While they do have leaders this is normally just the oldest/most experienced in whatever area they’re in charge of and hoards are actually normally very close knit and protective of each other.
One reason for this stereotype is that goblin as a language has a lot of clicks, hisses and growls that to someone who’s not used to it would think that anything said sounds aggressive and threatening.

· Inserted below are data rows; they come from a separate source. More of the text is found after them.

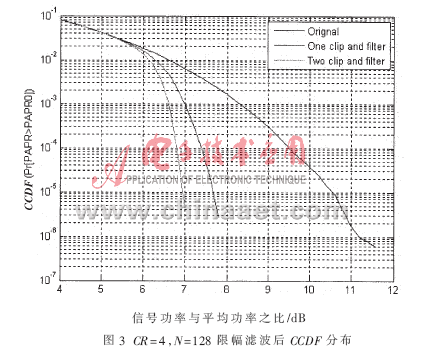 本文中采用限幅濾波技術(shù)并進(jìn)行了算法優(yōu)化。該方法不僅能降低系統(tǒng)的PAPR,而且可以有效地消除帶外噪聲,并將帶內(nèi)失真控制在一個(gè)可以接受的范圍內(nèi)。此外,結(jié)合實(shí)際系統(tǒng)設(shè)計(jì)要求,此方法減低算法的復(fù)雜度并詳細(xì)介紹了其應(yīng)用方法及仿真結(jié)果。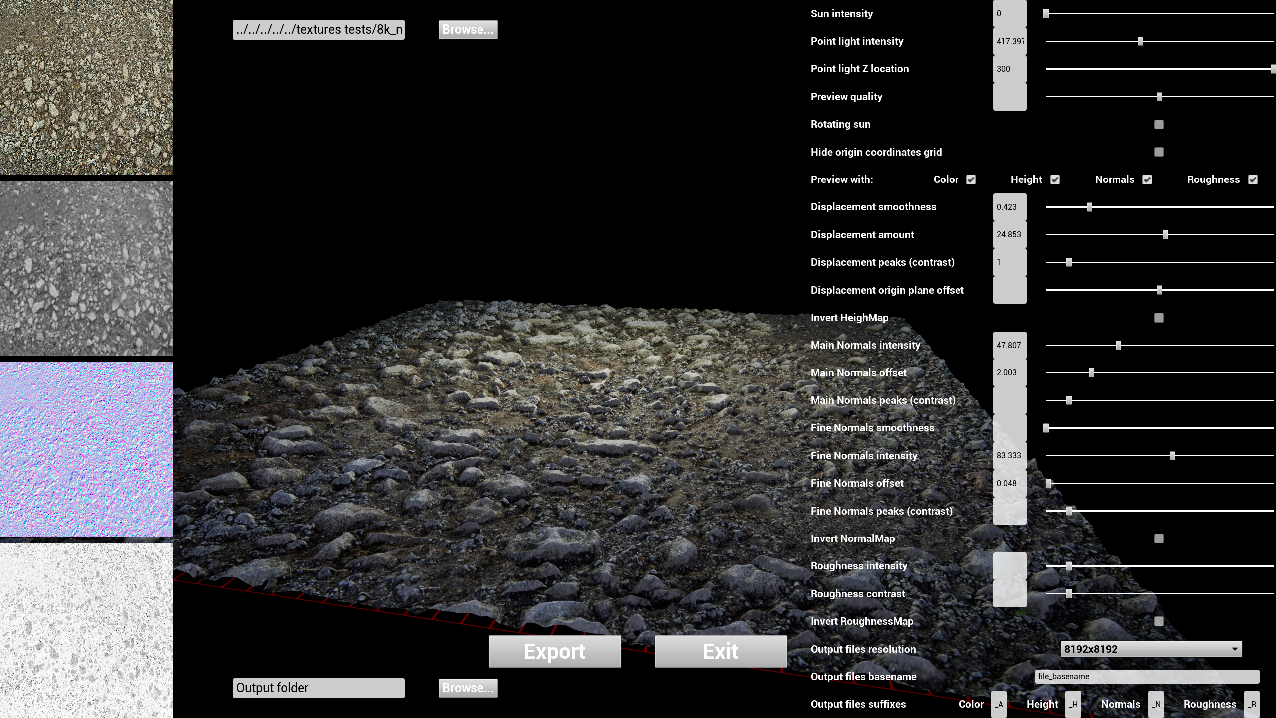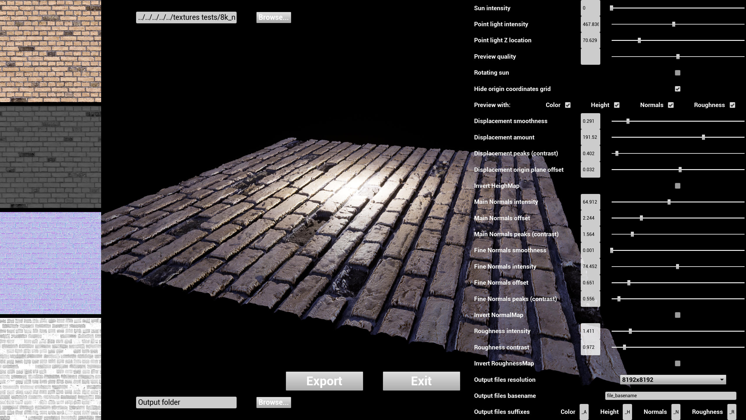 Abro este hilo para contaros que he estado trabajando en un programa para generar texturas PBR (normales, displacement y roughness) a partir de una textura de sólo color. La idea es terminar lanzando esta herramienta en plataformas como Steam, itch.io, etc. A precio asequible.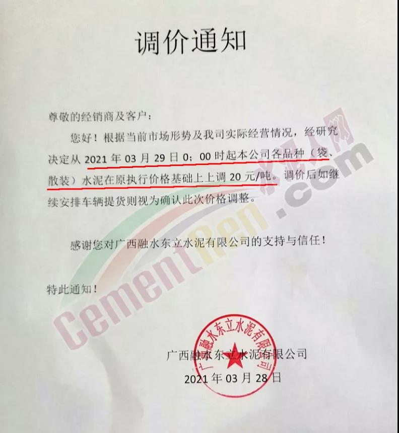 廣西融水東立水泥有限公司通知自3月29日0時起各品種水泥在原執行價格基礎上上調20元/噸。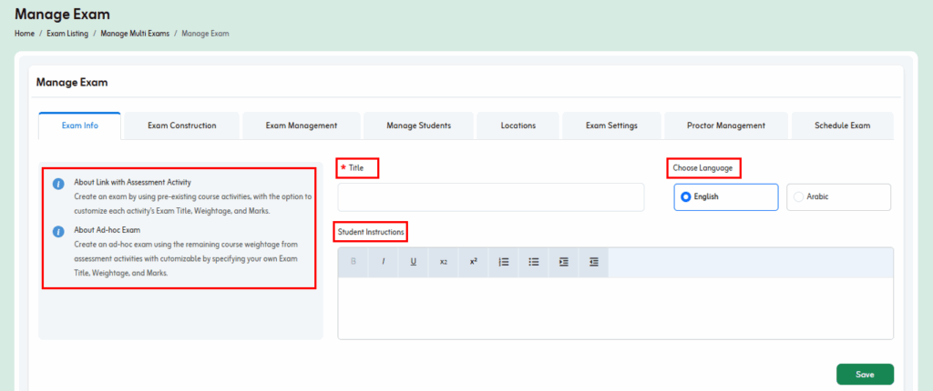 After completing “Exam Info”, the other tabs in “Manage Exam” are the same as those used when creating a single exam.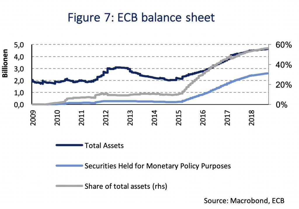 Last week’s meeting of the ECB’s Governing Council was well in line with expectations. As previously announced, the net purchases under the asset purchase program (APP, also known as QE) will be further reduced to 15 billion EUR in October with the objective to end net purchases by year-end. However, that’s not the end of QE. The stock of acquired assets will be further reinvested, thus, providing significant monetary policy stimulus to support the sustained convergence of inflation to levels that are below, but close to, 2 % over the medium term. Until August 2018 the ECB has accumulated a stock of 2,510 billion EUR of assets under the APP, which will grow to 2,585 billion EUR until the end of the year and is anticipated to stay constant thereafter. The total ECB balance sheet has more than doubled since the start of APP in Q4 2014 and the share of securities held for monetary policy purposes has increased to 56 % in early September 2018 (Figure 6). A timeline for a possible reduction of the ECB balance sheet has not yet been communicated and reinvestment is intended to last “for as long as necessary to maintain favorable liquidity conditions and an ample degree of monetary accommodation” (ECB statement, September 2018). In the United States, the Federal Reserve Bank has initiated a balance sheet reduction in October 2017, three years after the end of the bond-buying program.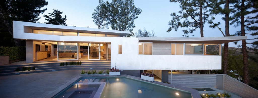 This custom residence lies near the apex of Beachwood Canyon, in the Hollywood Hills just under the shadow of the Hollywood sign. Utilizing the existing footprint of a previous home, this new residence is comprised of two main rectangular volumes which are shifted off-axis from each another to accentuate the difference in program which lies within. The more public “living” areas of the house are situated on the ridge of the site, so as to take advantage of flanking outdoor spaces which are designed as extensions of the living dining, and kitchen areas. Large expanses of sliding glass panels connect these spaces to the adjacent terraces and views beyond, inverting the interiority into an open, covered outdoor room.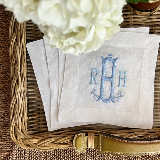 Set of 4 Plainstitch Cocktail Napkin - Customized Monogram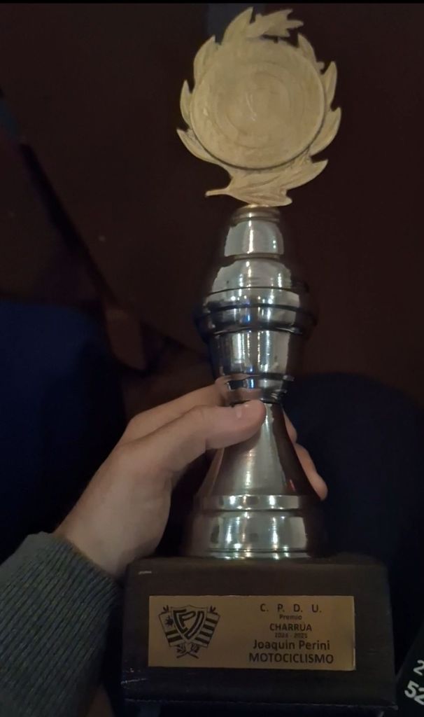 El ganador del Premio Charrúa 2024-2025 en Motociclismo fue Joaquín Perini. De esta manera, se marca la historia, ya que nunca antes un piloto de los Regionales de Mecánica Nacional de Velocidad en Tierra había logrado alzarse con uno de ellos.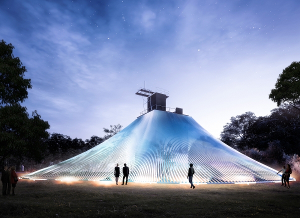 【大湳豎空】:擅長運用最簡單的材料,創建出宛如漂浮在空中的山或雲的景觀。以樹狀倒掛結構,輔以沙土效果,帶來全新反向視野。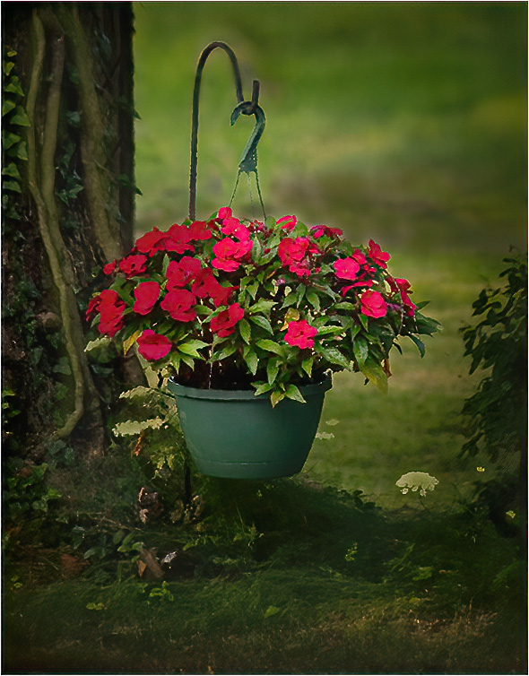 Connie, I know exactly what you are talking about when you are talking about things have changed for you with your computer. I have been going through the same thing. Like you are walking with two left feet. LOL. I love the contrast in this image. Love the tree on the left side with the large vines growing up the tree. Good contrasting colors. I darken the white flowers, my eye goes to the white things first instead of the beautiful red flowers in the pot. I feel like the flowers is the subject. I cloned out the white large spot in the background. This is just suggestions what I would do if it was my image. |

They also wouldn’t be able to tell the nuisance in goblin body langue e.g angry tail thrashing vs excited happy tail thrashing, big toothy smile vs showing off teeth and ears going back relaxed not really concentrating on anything in particular vs ears going back I’m annoyed and about to attack.
Goblins also tend to use a lot of touch to communicate; gentle biting of friends, whining up to someone when they want something they have (especially younger goblins to older ones), playfully pushing each other and cuddling that honestly looks more like grappling and all this from a uneducated point of view could be seen as fighting.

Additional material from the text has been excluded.